Code Snippet Illustrating Key Interaction
Broadcasting a cache action (e.g., adding a key) to the Kafka topic synchronously:
private void broadcastAction(String key, CacheAction action) {
// Send a Kafka record with key as message ID and value as action string
producer.send(new ProducerRecord<>(topic, key, action.toString())).get();
}
Consuming and applying cache updates from Kafka topic:
private void addToCache(ConsumerRecord<String, String> consumerRecord) {
CacheAction action = CacheAction.valueOf(consumerRecord.value());
String messageId = consumerRecord.key();
switch (action) {
case add -> cache.put(messageId, messageId);
case remove -> cache.remove(messageId);
case clear -> cache.clear();
default -> throw new IllegalArgumentException("Unknown action");
}
}
Starting cache synchronization on service start:
@Override
protected void doStart() throws Exception {
// initialize cache and Kafka consumer and producer...

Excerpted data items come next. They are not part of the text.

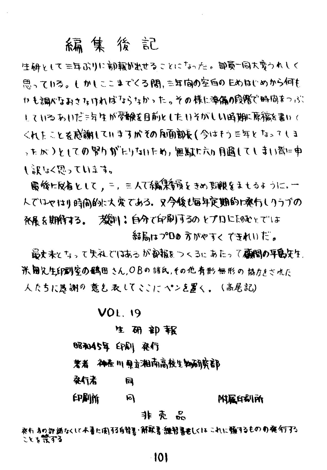 湘南高校 生研部報 第19号 1970年
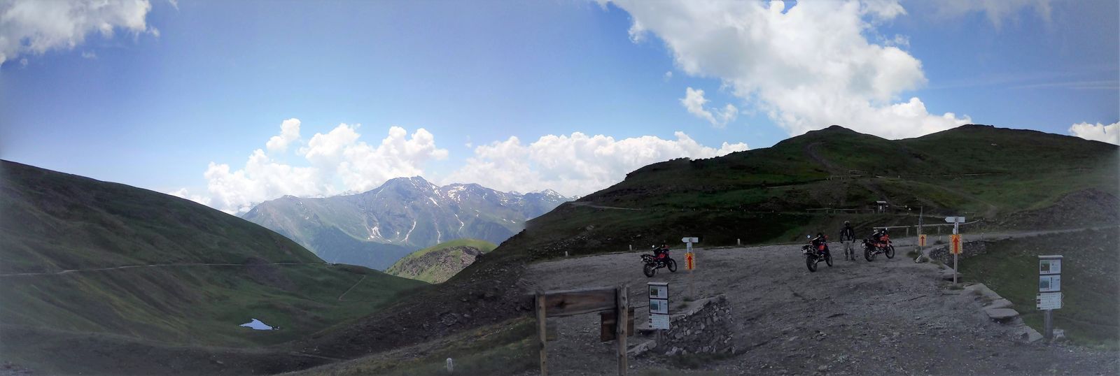 Anfahrt vom Kanton Bern Richtung Wallis am Freitag Nachmittag mit Zwischenübernachtung im wunderschönen Evionnaz (Herberge o.k. und sehr günstig für die Schweiz: 50CHF). Dann am Samstag bei 38°C "Abkürzung über eine Mountainbikepiste in Salvan/Le Cerisier nach Finhaut Richtung MontBlanc. Dann über Chamonix, Cormet de Roselend, Iseran, MontCenis, Susa zum Camping Gran Bosco in Salbertrand. Die Rally-Truppe hatte sich ja schon installiert und im Laufe der Woche trudelten noch mehr LC8ten und sonstiges Gebrumm ein. Wir haben dann gemütlich zu zweit ein paar Touren unternommen (Finestre/Assietta, Sommelier, Lago Nero) sind einmal mit der Truppe ausgeritten (wobei das hat sich nach zehn Minuten erstmal etwas verzögert weil eine 990er streikte), mit denen wir es dann doch noch bis Lac Mont Cenis hinaufgeschafft haben. Ich wie immer ganz hinten Lumpensammler gespielt und ein Franzose hat sich dann auch prompt in ein entgegenkommendes Affentwin-Paar verkeilt. Zum Glück nix schlimmes passiert ausser ein paar verbogenen Teilen, Schrammen und einer schockierten Sozia. Danach ward die Truppe vom Winde verweht und wir fuhren zu viert das nächste Refuge an, um die Plautze zu füllen. Wir sind dann gemütlich weitergfahren (Mont Cenis - echt lässig da oben) und haben den Nachmittag ausklingen lassen. Mein Bedarf an Grossgruppe war dann erstmal wieder gedeckt, woraufhin wir am nächsten Tag eine Tour zum Lago Nero (Hammer!) machten. Irgendwann sind wir dann auch noch das Valle d'Argentere (auch ganz toll) hochgefahren - das kostet zwar 3€, aber das ist es wert. Zwischendrin mal die Gegend erkundet und ein paar Sackgassen gefinden.
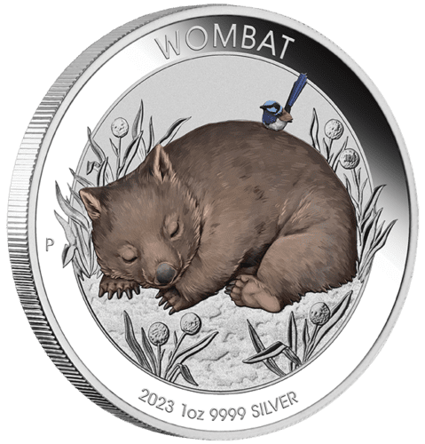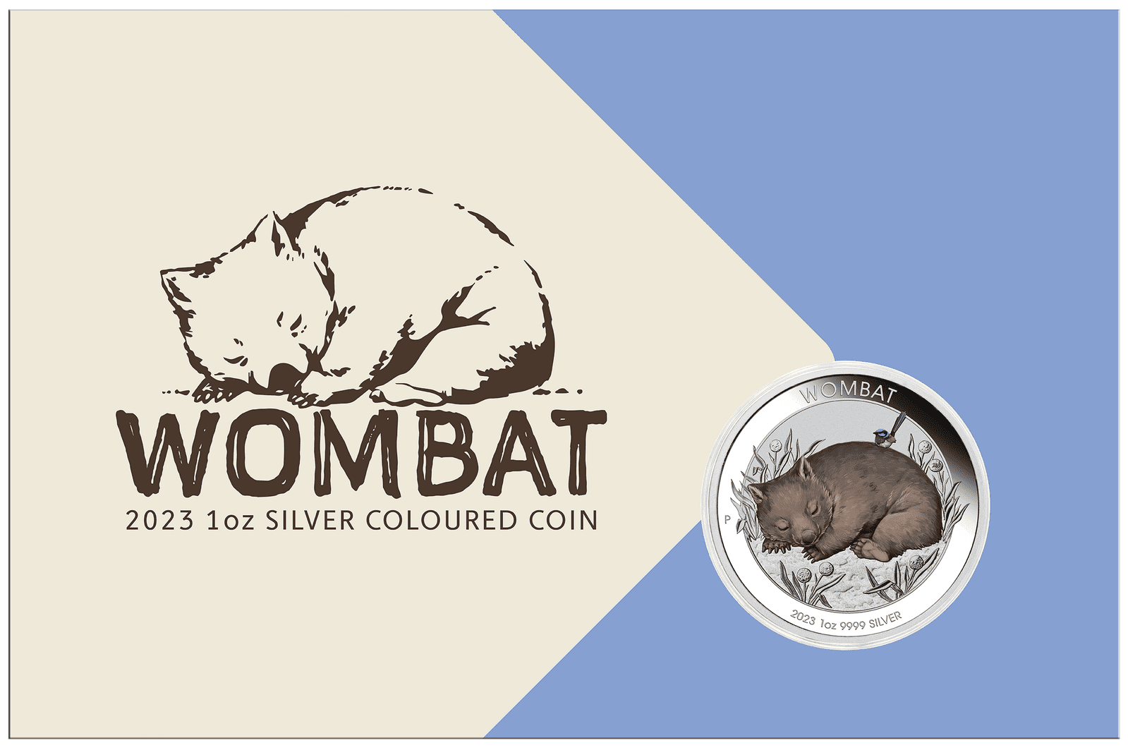 This stunning 2023 $1 Wombat coin showcases a charming, coloured design featuring a wombat resting among vibrant billy buttons, with a delicate blue fairywren perched gently on its back. Struck from 1oz of pure silver and presented in a visually appealing card, this Australian legal tender coin is a collector’s favourite, admired for its fine detail and tribute to native fauna. The Perth Mint has issued this limited mintage gem, ensuring both lasting value and unique appeal for enthusiasts of Australian wildlife coins.
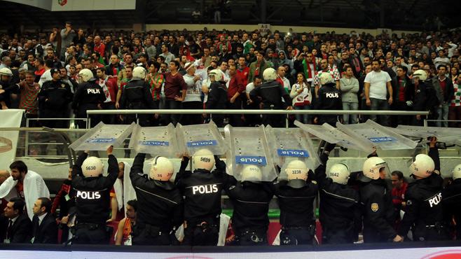 Πετούσαν αντικείμενα, τραυμάτισαν ανθρώπους στον πάγκο των φιλοξενουμένων, προκάλεσαν τη διακοπή του αγώνα για πολλή ώρα και τελικά ανάγκασαν την αποστολή της «Γαλατά» να αποσυρθεί στα αποδυτήρια με… φάλαγγα από τις δυνάμεις των ΜΑΤ.

poller = new TopicPoller();
ServiceHelper.startService(poller);
// Synchronously populate cache by consuming entire topic history
poller.run();
if (!startupOnly) {
// start continuous background synchronization
executorService = camelContext.getExecutorServiceManager().newSingleThreadExecutor(this, "KafkaIdempotentRepositorySync");
executorService.submit(poller);
}
}
Diagram: Cache Synchronization Process Flow
flowchart TD
Start[Start Repository] --> InitCache[Initialize Local Cache]
InitCache --> ConsumeAll[Consume Entire Kafka Topic from Beginning]
ConsumeAll --> PopulateCache[Populate Local Cache with Actions]
PopulateCache --> StartPoller[Start Background Poller (if not startupOnly)]
StartPoller --> PollLoop[Poll Kafka Topic for Cache Updates]
PollLoop --> ApplyUpdate[Apply Cache Actions (add/remove/clear)]
PollLoop --> PollLoop
UserActionAdd[Add Message ID] --> UpdateLocal[Update Local Cache]
UpdateLocal --> BroadcastAdd[Broadcast 'add' Action to Kafka Topic]
BroadcastAdd --> PollLoop
UserActionRemove[Remove Message ID] --> UpdateLocalRemove[Update Local Cache]
UpdateLocalRemove --> BroadcastRemove[Broadcast 'remove' Action to Kafka Topic]
BroadcastRemove --> PollLoop
UserActionClear[Clear Cache] --> ClearLocal[Clear Local Cache]
ClearLocal --> BroadcastClear[Broadcast 'clear' Action to Kafka Topic]
BroadcastClear --> PollLoop
This flowchart highlights the core synchronization cycle:
On startup, the repository replays all past cache mutations by consuming the entire topic to build the local cache.
Unless configured to sync only once, a background poller continues reading new cache state changes published by any cluster node.
User operations locally update the cache and broadcast their changes, which in turn are consumed by all nodes to keep caches aligned.
Cache Synchronization ensures that the Kafka-backed idempotent repository operates correctly and consistently in distributed environments by leveraging Kafka’s durable, ordered messaging as a shared state channel for cache mutations. This architectural choice enables high availability and fault tolerance while maintaining efficient local deduplication through caching.